Peu de monde reconnaît ce que la liste de Fortune Global 500 (la figure) révèle année après année: parmi les douze plus importantes entreprises de la planète, onze sont des secteurs du pétrole et de l’automobile. Vu d’un autre angle, Éric Desrosiers nous informe que le tourisme est au même rang comme «puissant moteur de développement économique». En fonction de l’activité économique à l’échelle planétaire, «l’industrie touristique représenterait directement ou indirectement 9 % du produit intérieur brut (PIB) mondial, soit un emploi sur 11 et autant, sinon plus, que l’industrie pétrolière ou celle de l’automobile.» Une lecture de la chronique fait ressortir que – pas une surprise – c’est un phénomène des riches; même si Desrosiers met un accent sur l’essor récent et important du tourisme attribuable aux pays émergents, c’est un phénomène de la classe moyenne de ces pays, où les inégalités sont même plus importantes que dans les pays riches.
Alors que les transports dominent dans la consommation du pétrole, c’est frappant de constater que cet autre secteur, fortement dépendant de déplacements, complète donc le portrait. Il fait ressortir jusqu’à quel point le PIB mondial est fonction de la principale menace pour la planète, les changements climatiques: les entreprises n’ont pas la taille de celles de la Fortune 500, mais ensemble elles sont aussi importantes dans leurs activités (mesurées par les dépenses) que celles liées à l’automobile.
Dans son livre Heat portant sur les changements climatiques, George Monbiot fait l’exercice pour voir jusqu’à quel point différents secteurs économiques pourraient s’adapter à la nécessité d’éliminer leur consommation des combustibles fossiles. Son seul échec est le secteur de l’aviation, où il ne trouve pas d’approches permettant à ce secteur de se maintenir.

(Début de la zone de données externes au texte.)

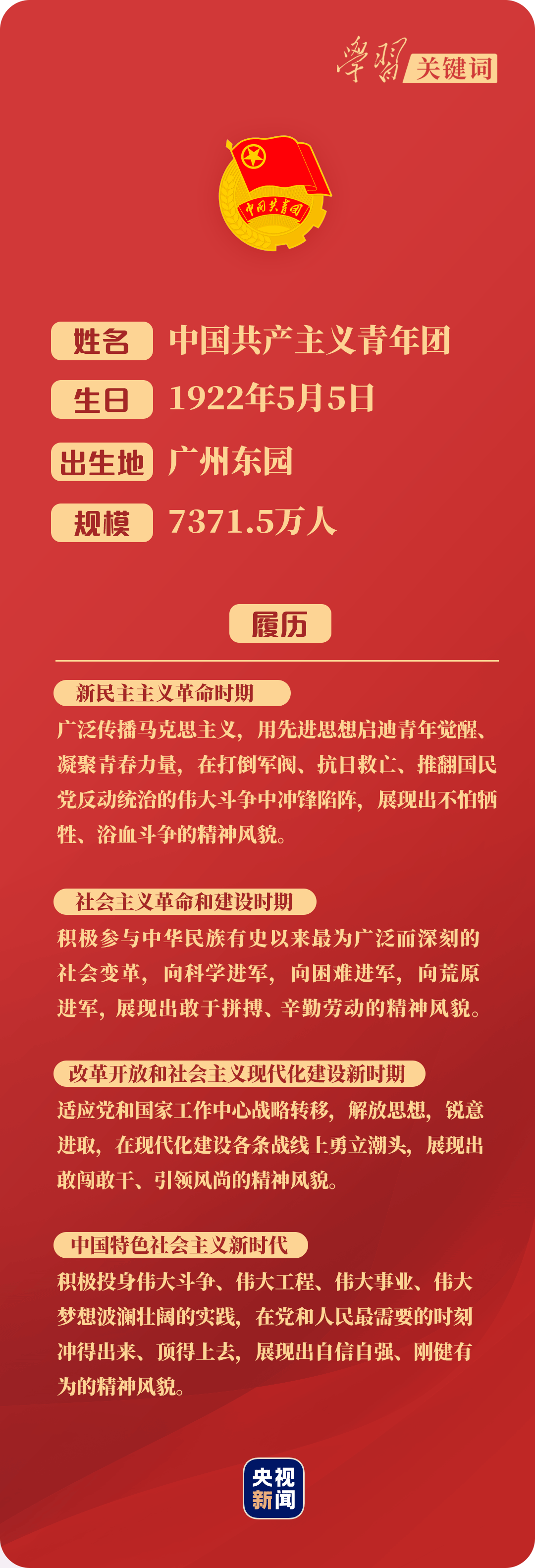 “今天,我們在這里隆重集會,慶祝中國共產主義青年團成立100周年,就是要激勵廣大團員青年在實現(xiàn)中華民族偉大復興中國夢的新征程上奮勇前進!睉c祝大會上,習近平總書記開宗明義。
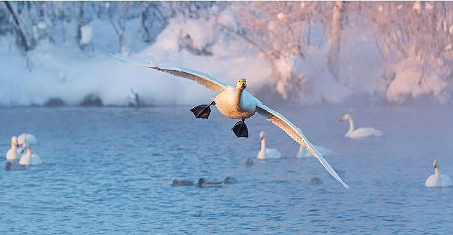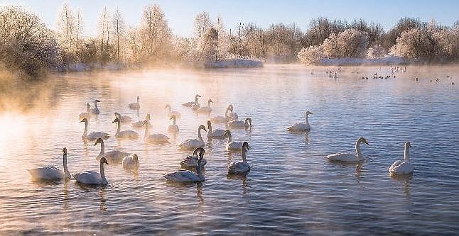 驚くべきことである。スヴェトロエ(スベトロエ)湖 Svetloe Lake in Altai region, in Siberiaは、厳冬のシベリア、ウロジャイノエ村から3キロほどのところにある。湖に、オオハクチョウ(オオハクチョウは、ツルのような長く低い声を出すことから、ロシア語では声を上げるハクチョウという名前がつけられている)がよく渡来することから、地元の人々は、この湖を「白鳥の湖」と呼ぶ。毎年11月くらいから、500羽以上の白鳥が集まる。
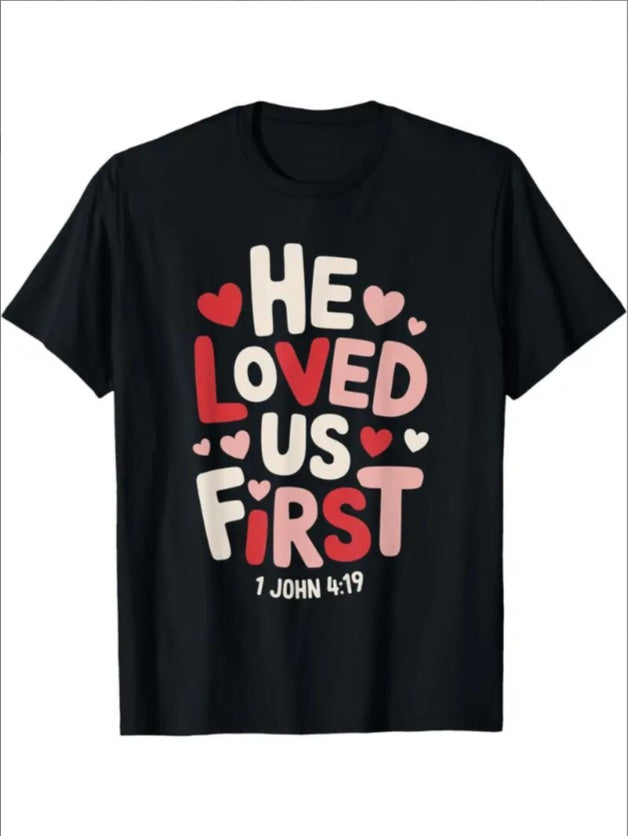 • HE LOVED US FIRST Love Valentine'S Day Short-Sleeved T-Shirt
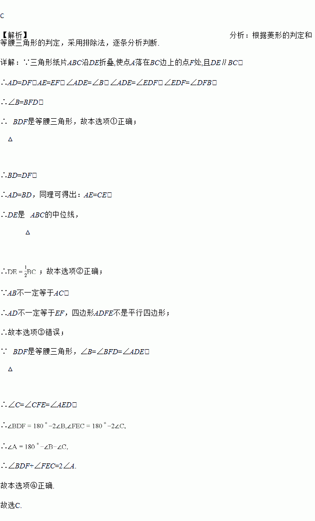 如图,将△ABC沿DE折叠,使点A落在BC边上的点F处,且DE∥BC,下列结论中,一定正确的个数是( )
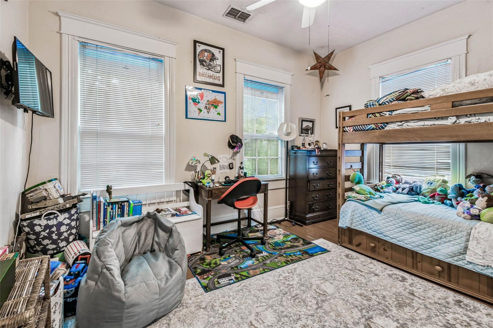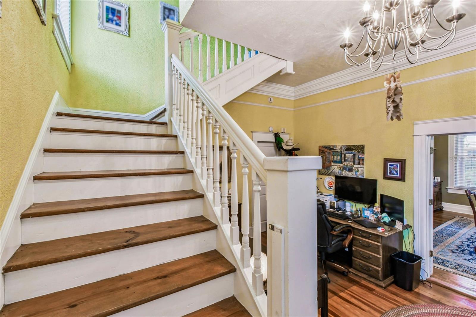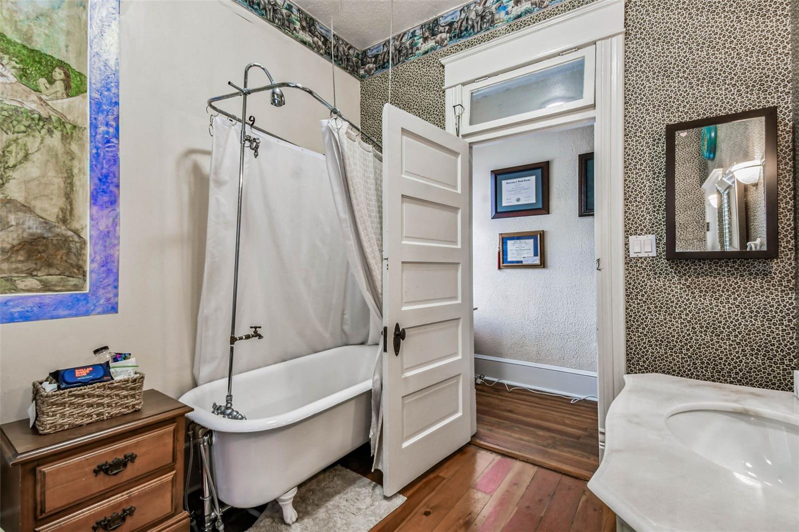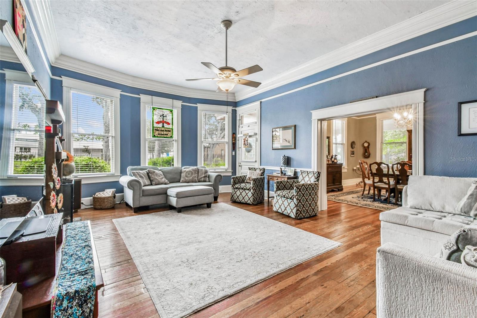 Welcome to this beautifully preserved 1913 home located in the heart of highly sought-after Tampa Heights. Nestled on a picturesque 75 x 109 corner lot, this historic residence blends timeless charm with thoughtful updates-perfectly suited for those who appreciate character and vintage ambiance. From the moment you arrive, the curb appeal is undeniable. A stunning wraparound porch invites you in, offering the ideal spot to relax under the shade of majestic trees. The back yard is fully fenced, features large double gates, providing secure access, ample parking, a covered carport (that may double as an outdoor patio), and a newer solid shed with hurricane straps. This home has been lovingly maintained. A durable and long lasting metal roof (2006), a newer HVAC unit (2022/2023), and a commercial-grade gas tankless water heater (2018/250k BTU's) ensure comfort and efficiency. Step inside to find a grand entryway full of light that leads to a spacious dining room and an expansive living room with gas fireplace-ideal for entertaining and holiday meals. The retro-style kitchen features newer appliances (gas range), a built in table and bench duo. Downstairs you will also find a laundry room and a full bedroom and bathroom for added convenience and flexibility. Climb the impressive staircase to find 3 bedrooms, 2 of which are generously sized, a large full bath, and access to a fully insulated attic, already plumbed for an additional bathroom. The attic may easily be converted into a private retreat, a studio, or more living space. Tampa Heights offers unbeatable location perks. Head South and you are minutes from Armature Works and Downtown Tampa. Go North for quick access to vibrant Riverside Heights and trendy Seminole Heights. I275, I4, Ybor City, Port Tampa, the Channelside District and more are a short drive away. Don't miss this rare opportunity to own a piece of Tampa's History-with all the updates needed to enjoy it for years to come.

Traduit dans le contexte de la chronique de Desrosiers, le travail de Monbiot met en évidence un autre aspect de l’énorme défi que représente le changement de paradigme qui s’imposera. Ce ne sont pas les deux secteurs dominants du PIB mondial qui seront mis en cause, mais les trois!
Pour une réflexion sur l’activité économique à l’échelle de la planète, je me réfère au texte constituant la première partie de mon constat d’échec du mouvement environnemental: «L’économie biophysique comme plateforme pour la société civile: Limites à la croissance et les milieux financiers».